Goal of the exercise = Your answer should contain only the lines from the top of the data below down through the one with "Áo khoác dài", transcribed exactly and without pictures; please include nothing more.

________________________

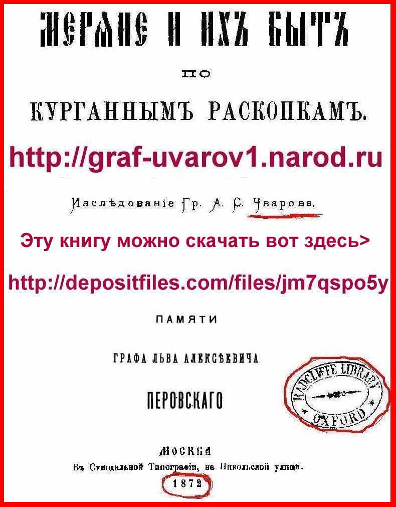 Полностью старинную (1872 года издания, 217 страниц) книгу А. С. УВАРОВ МЕРЯНЕ И ИХ БЫТ, ПО КУРГАННЫМ РАСКОПКАМ скачать можно здесь> http://depositfiles.com/files/jm7qspo5y
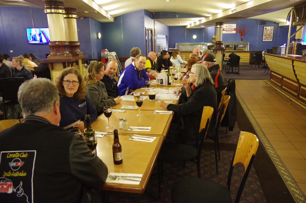 As you can see, Corvette owners love having a good time.Following on from the LWE in Whyalla, 17 of us chose to travel on to Port Lincoln. After driving along the coast via Tumby Bay & stopping at the Excell Steam Museum we arrived at Hilton Motel, right on the foreshore. We enjoyed a relaxing meal at The Marina where we sat on the Boardwalk with a view of the Port.
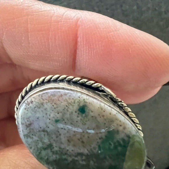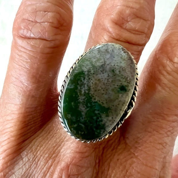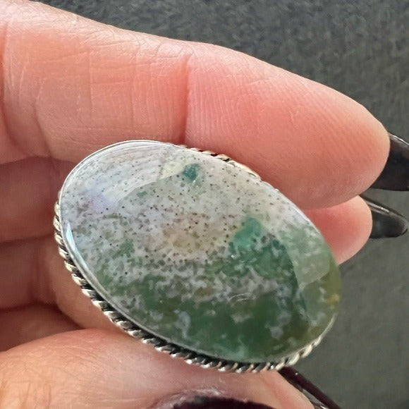 Moss Agate is a stone of new beginnings. Refreshes the soul and enables you to see beauty in all you behold. It reduces sensitivity to weather and environmental pollutants. It attracts abundance in wealth and improves self-esteem. Develops strength and the ability to get along with others. Inspires new ideals after periods of stagnation.
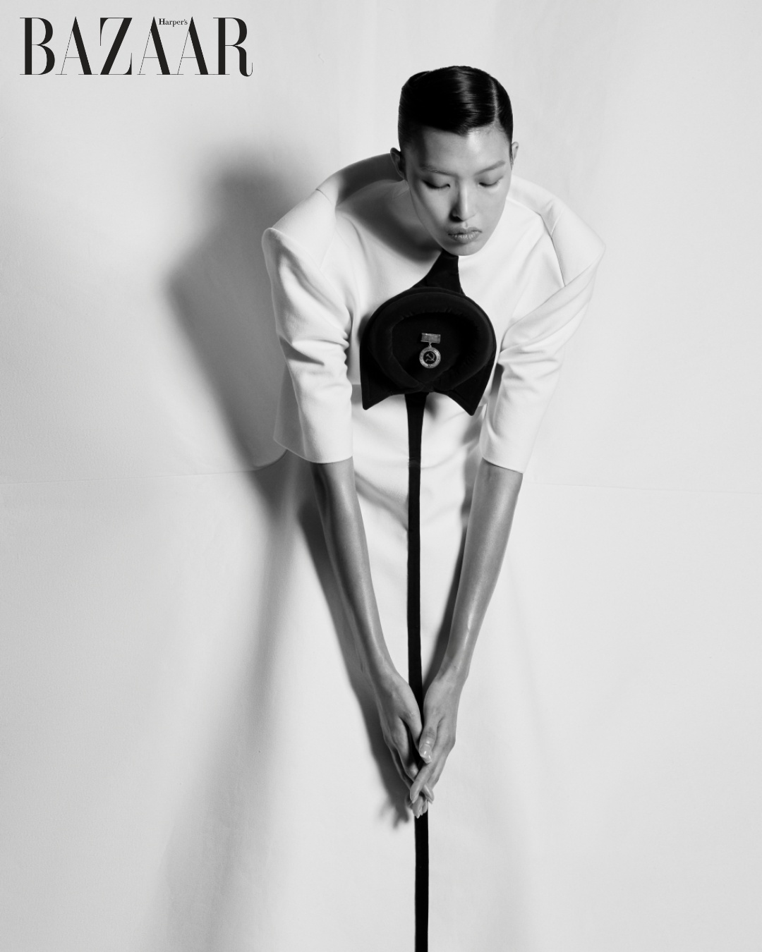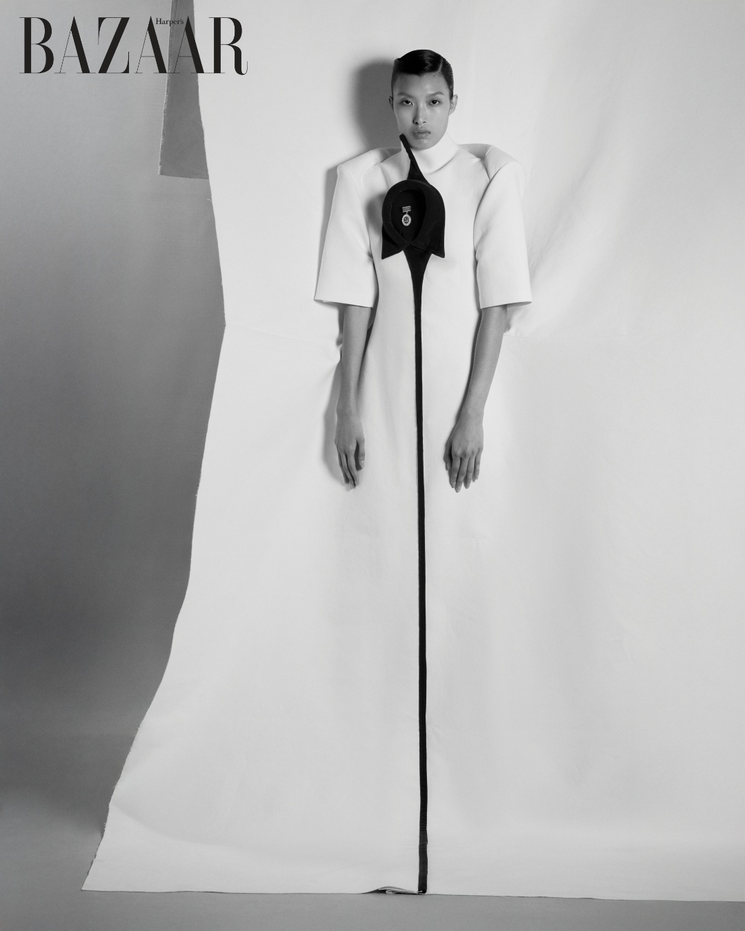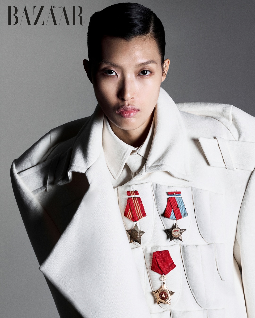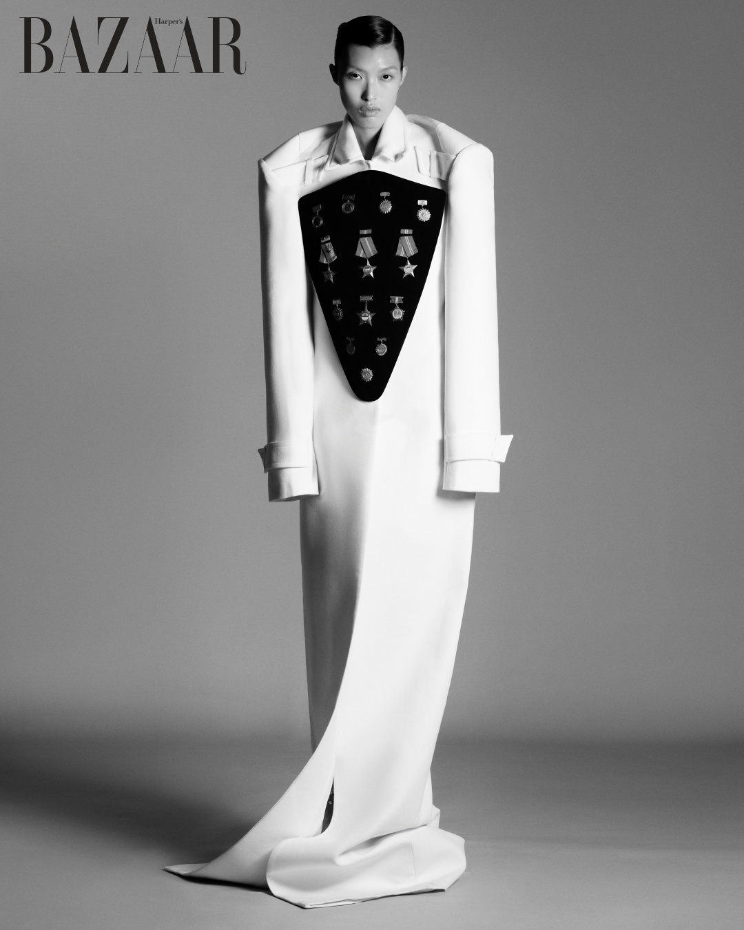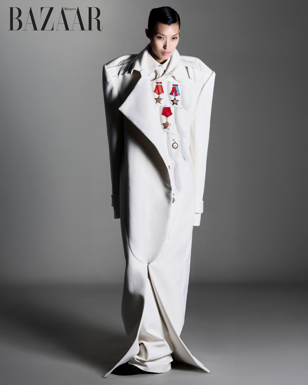 Áo khoác dài dựng cầu vai gợi nhớ hình ảnh quân phục. Tấm huân chương đỏ trước ngực tượng trưng cho dòng máu đã cứu chữa những người lính đã quần tụ thành chứng tích lịch sử.
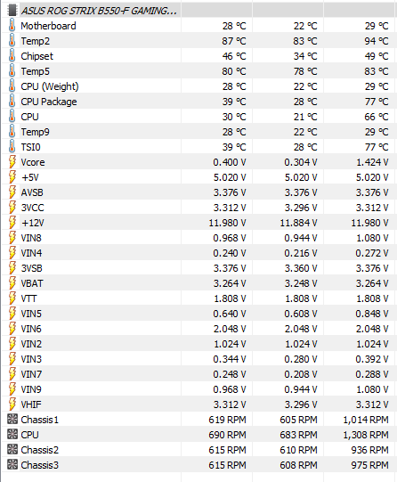 Allerdings bin ich etwas stutzig über die Temperaturen der TMPIN4, die 90 Grad heiß wird (gerade in diesem Moment, wo kein Prime oder Spiel läuft).
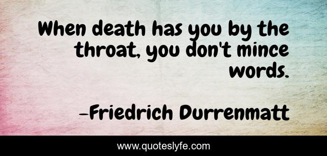 This page presents the quote "When death has you by the throat, you don't mince words.". Author of this quote is Friedrich Durrenmatt. This quote is about throat, words,.
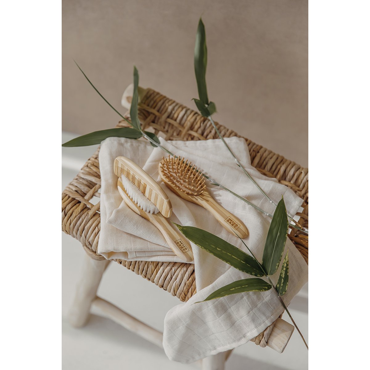 Estas versátiles gasas, hechas de algodón 100% muselina prelavado, son la solución perfecta para los momentos del día a día. La muselina se seca rápidamente y absorbe muy bien la humedad, lo que te permite secar a tu pequeño incluso en los pliegues más pequeños. El tejido prelavado se siente extra suave, justo lo que necesita la piel delicada del bebé.
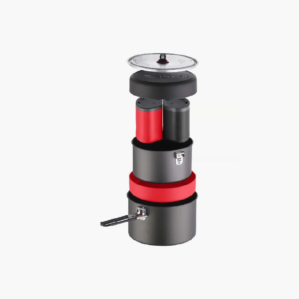Le système fermé mesure 19,7 x 12,7 cm, et comprend un casserole anti-adhésive de 1,5 L et une seconde de 2.5L, deux assiettes, deux gobelets, un couvercle passoire, un poignée de casserole, deux surfaces de cuisson, deux assiettes en polypropylène, un gobelet isolant en polypropylène,
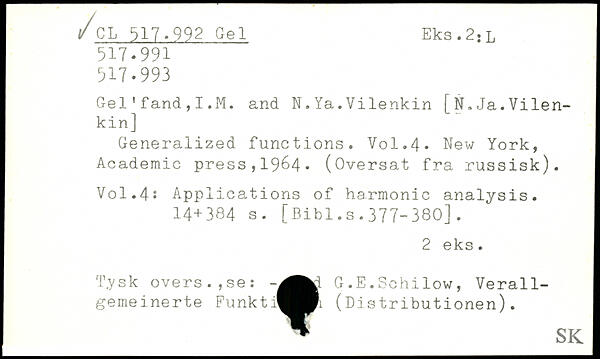 Gel'fand,I.M. and N.Ya.Vilenkin [N,Ja.Vilenkin] Generalized functions. V0I.4. New York, Academic press,19&4- (Oversat fra russisk).

________________________

Solution to this task =
 Полностью старинную (1872 года издания, 217 страниц) книгу А. С. УВАРОВ МЕРЯНЕ И ИХ БЫТ, ПО КУРГАННЫМ РАСКОПКАМ скачать можно здесь> http://depositfiles.com/files/jm7qspo5y
 As you can see, Corvette owners love having a good time.Following on from the LWE in Whyalla, 17 of us chose to travel on to Port Lincoln. After driving along the coast via Tumby Bay & stopping at the Excell Steam Museum we arrived at Hilton Motel, right on the foreshore. We enjoyed a relaxing meal at The Marina where we sat on the Boardwalk with a view of the Port.
 Moss Agate is a stone of new beginnings. Refreshes the soul and enables you to see beauty in all you behold. It reduces sensitivity to weather and environmental pollutants. It attracts abundance in wealth and improves self-esteem. Develops strength and the ability to get along with others. Inspires new ideals after periods of stagnation.
 Áo khoác dài dựng cầu vai gợi nhớ hình ảnh quân phục. Tấm huân chương đỏ trước ngực tượng trưng cho dòng máu đã cứu chữa những người lính đã quần tụ thành chứng tích lịch sử.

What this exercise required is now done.